Banning hijab no rights violation, US court rules

Sheriff’s deputies did not violate a Muslim woman’s rights by forcing her to remove her hijab, a religiously mandated headscarf, in a courthouse holding cell, a federal appeals court in San Francisco ruled Monday.

Souhair Khatib sued Orange County for damages under a federal law that prohibits government agencies from imposing a “substantial burden” on the right to practice one’s religion in a prison, jail or pretrial detention facility. She said her religion forbids her to expose her head or neck to men outside her immediate family.

But in a 2-1 ruling, the Ninth U.S. Circuit Court of Appeals said a holding cell, where inmates are kept before being brought into court, isn’t a jail or pretrial detention facility and therefore isn’t covered by the federal law.

The law was intended to protect the religious rights of people who “are sent to reside” in custody, Judge Stephen Trott said in the majority ruling upholding a federal judge’s dismissal of the suit. Trott said a holding cell doesn’t fit that definition because the maximum stay is 12 hours and no one is kept there overnight.

Chief Judge Alex Kozinski wrote an indignant dissent, saying the holding cell is “a full-fledged jail.”

“Can we honestly say that a mammoth facility in the bowels of the Santa Ana courthouse, whose main purpose is to hold inmates while awaiting trial, cannot possibly be a pretrial detention facility?” Kozinski asked. He noted that Congress had declared that the law should be interpreted “in favor of a broad protection of religious exercise.”

San Francisco Chronicle, 4 May 2010

What’s threatening about European attacks on Muslim veils

“The anti-burqa cause is sweeping Europe. In addition to Belgium and France, Italy and the Netherlands are considering bans. Yet the targets of these measures are virtually nonexistent. Mr. Bacquelaine estimates that a couple of hundred women in Belgium wear a full veil. In France, one study estimated that there are 1,900 burqa wearers in a Muslim population of 5 million.

“The idea that this poses a criminal or cultural threat is ludicrous. Those who say they are defending women’s rights have it exactly backward: They are violating fundamental rights to free expression and religious freedom…. Muslims, including the devoutly religious, are in Europe to stay. Banning their customs, their clothing or their places of worship will not make them more European. It will only make Europe less free.”
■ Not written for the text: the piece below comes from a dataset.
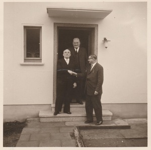 Schwarzweißfotografie. Der Bürgermeister der Stadt Bendorf, Georg Bauer gratuliert Bernhard Henrich und reicht ihm die Hand vor seinem Haus.

Editorial in the Washington Post, 1 May 2010

MI5 ‘tried to recruit Muslim spies’

Cageprisoners

A human rights organisation has condemned the intimidation, profiling and attempted recruitment of members of the Muslim community by Special Branch and MI5. Cageprisoners specifically cited the case of Asif Ahmed, who it said was recently detained under Schedule 7 of the Terrorism Act 2000 in Edinburgh airport along with his wife.
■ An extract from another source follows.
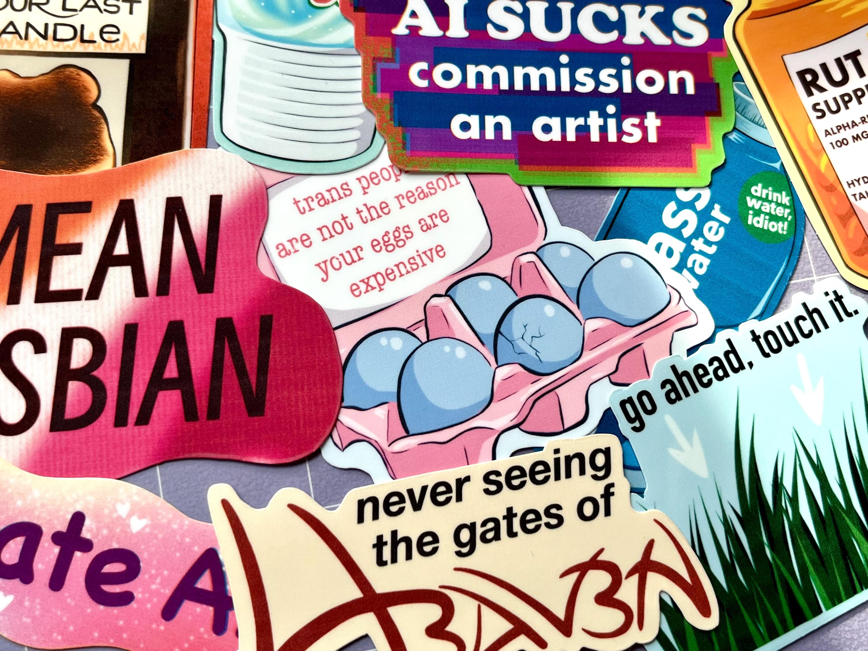 Printed on vinyl sticker paper and covered in waterproof glossy laminate.

Schedule 7 allows police to stop and question travellers at ports and airports “for the purpose of determining whether they are a person who is or has been concerned in the commission, preparation or instigation of acts of terrorism.” Failure to answer questions is a criminal offence.

The Ahmeds were allegedly questioned in detail and an attempt was made to coerce Mr Ahmed into becoming an informer for Special Branch to spy on the Muslim community.

Cageprisoners also published a report titled The Horn of Africa Inquisition, which detailed how the community from the Horn of Africa and those travelling to the region have allegedly been harassed by MI5 and Special Branch through profiling techniques.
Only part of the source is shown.